___ The data ___

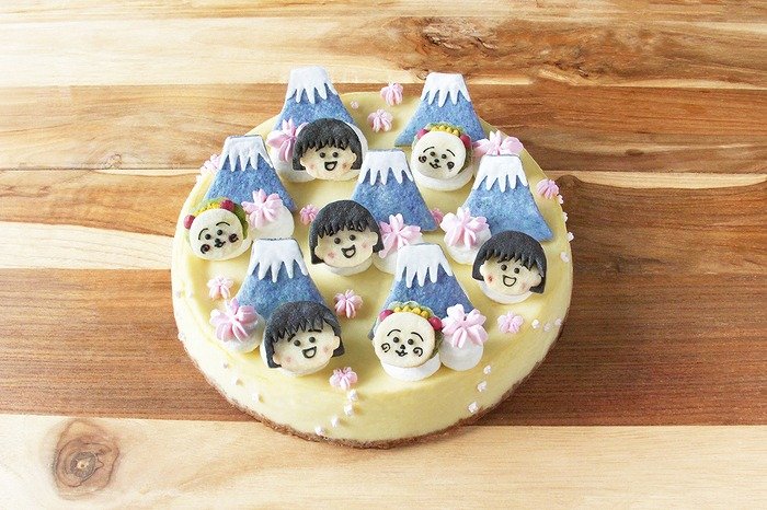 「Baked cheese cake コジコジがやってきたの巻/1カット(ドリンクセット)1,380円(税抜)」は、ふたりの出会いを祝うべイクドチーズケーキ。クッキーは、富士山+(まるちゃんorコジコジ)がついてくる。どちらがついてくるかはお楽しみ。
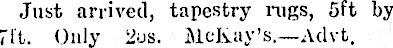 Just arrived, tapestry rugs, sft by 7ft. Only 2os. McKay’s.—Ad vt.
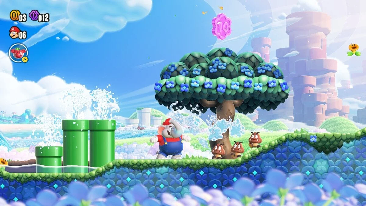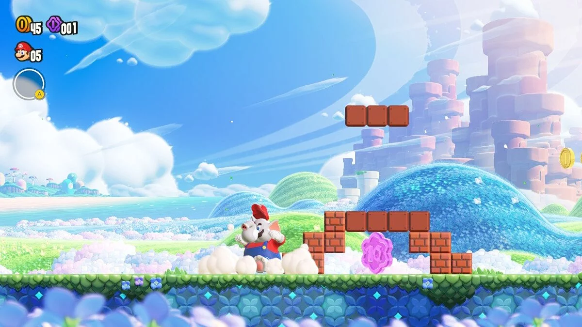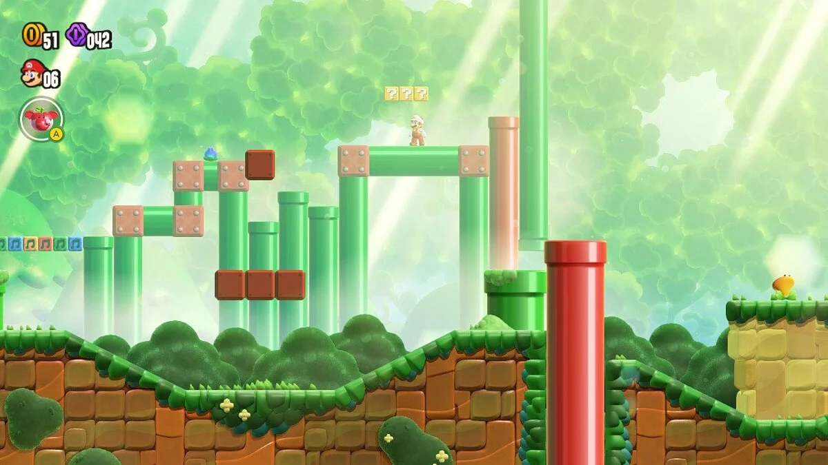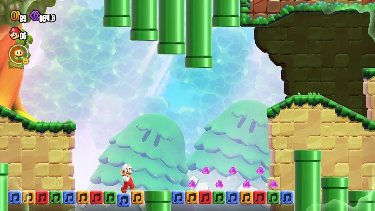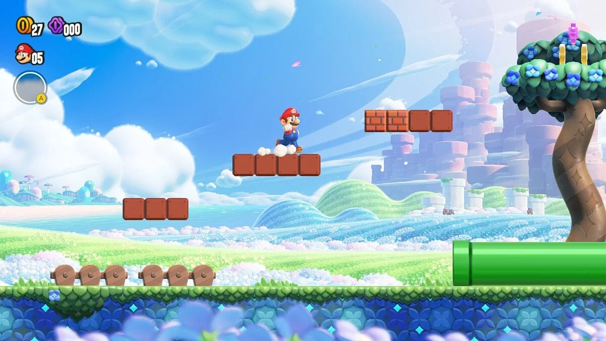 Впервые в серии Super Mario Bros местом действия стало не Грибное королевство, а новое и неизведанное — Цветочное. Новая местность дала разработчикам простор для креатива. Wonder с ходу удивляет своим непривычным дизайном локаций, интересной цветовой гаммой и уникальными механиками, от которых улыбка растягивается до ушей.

___
___ The data ___

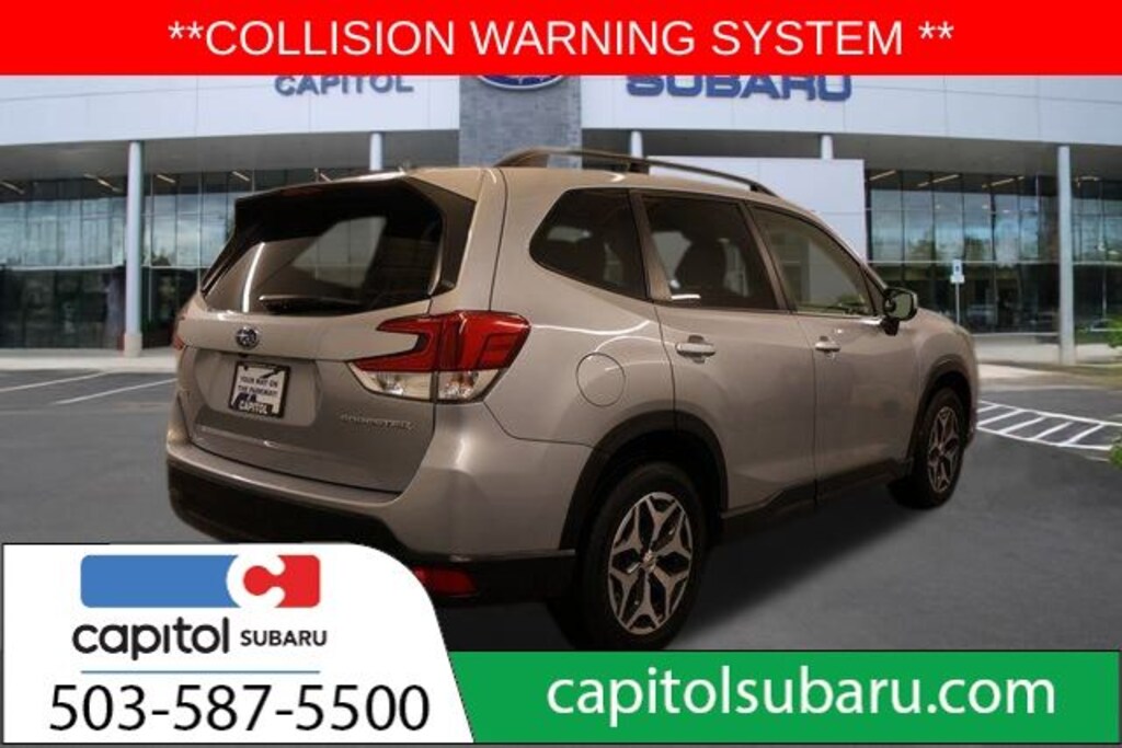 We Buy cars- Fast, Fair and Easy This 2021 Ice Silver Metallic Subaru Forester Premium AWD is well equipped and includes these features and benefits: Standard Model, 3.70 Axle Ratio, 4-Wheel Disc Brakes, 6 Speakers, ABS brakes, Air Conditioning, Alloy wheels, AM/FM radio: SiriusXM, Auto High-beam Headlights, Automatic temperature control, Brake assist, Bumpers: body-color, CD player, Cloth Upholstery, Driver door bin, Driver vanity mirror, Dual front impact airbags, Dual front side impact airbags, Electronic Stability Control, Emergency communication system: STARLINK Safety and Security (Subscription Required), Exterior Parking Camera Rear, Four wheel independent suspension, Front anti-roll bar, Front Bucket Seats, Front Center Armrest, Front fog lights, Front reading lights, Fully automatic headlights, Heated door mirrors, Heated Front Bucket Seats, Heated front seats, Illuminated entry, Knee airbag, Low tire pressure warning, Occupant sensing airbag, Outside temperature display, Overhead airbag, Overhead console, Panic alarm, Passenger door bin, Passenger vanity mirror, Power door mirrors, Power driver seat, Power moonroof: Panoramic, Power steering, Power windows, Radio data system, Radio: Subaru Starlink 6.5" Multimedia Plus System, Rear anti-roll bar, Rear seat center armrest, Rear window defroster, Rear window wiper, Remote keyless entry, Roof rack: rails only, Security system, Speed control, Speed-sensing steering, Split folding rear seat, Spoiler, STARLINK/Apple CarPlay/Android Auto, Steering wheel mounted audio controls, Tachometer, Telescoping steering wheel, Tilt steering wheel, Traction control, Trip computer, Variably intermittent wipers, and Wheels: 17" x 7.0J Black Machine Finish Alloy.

___

Once the line with "Just arrived, tapestry" is found above, transcribe each line from it through the line with "Впервые в серии", exactly, and omit the pictures.

### Answer to this exercise
 Just arrived, tapestry rugs, sft by 7ft. Only 2os. McKay’s.—Ad vt.
 Впервые в серии Super Mario Bros местом действия стало не Грибное королевство, а новое и неизведанное — Цветочное. Новая местность дала разработчикам простор для креатива. Wonder с ходу удивляет своим непривычным дизайном локаций, интересной цветовой гаммой и уникальными механиками, от которых улыбка растягивается до ушей.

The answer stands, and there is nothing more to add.